When to use a scheduled run

If you produce variants on a regular cadence — weekly product spotlights, monthly campaign drops, etc. — you can have an external agent (Claude with MCP, for example) kick off the canvas on a schedule. The pattern most teams use: Claude takes the latest brief on Monday morning, builds out the canvas with all the variants, and pings the designer in Slack with a link when the run finishes. The designer picks the winners. Production capacity that used to require an in-house team is now an overnight cron job. See Drive Melius from Claude.
When generating 50+ variants, keep all output nodes at 1K resolution.

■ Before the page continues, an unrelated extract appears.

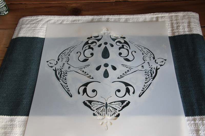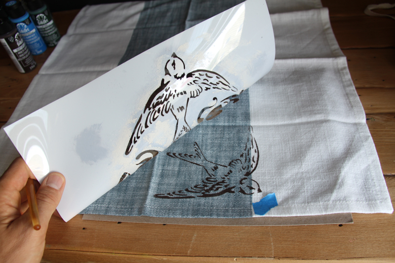 Step 6: Now that your placemats are ready, it’s time to make matching napkins! We placed the stencil so that the sparrow is at the bottom of the blue stripe, slightly overlapping into the white area.

Once you’ve picked winners, regenerate just those at 2K or 4K — there’s no reason to render the losers at full resolution.

Common pitfalls

  • Varying everything at once. Diluted signal. Vary one or two dimensions per batch.
  • Not connecting the brand anchor. Variants drift faster the more of them you produce. The brand anchor is the seatbelt.
  • Rendering at 4K from the start. Slow, and most variants will be losers. Render at 1K, pick winners, upgrade resolution selectively.
  • Manual variant creation. If you’re recreating the same setup five times by hand, you missed the “duplicate the workflow” pattern. Build once, paste many.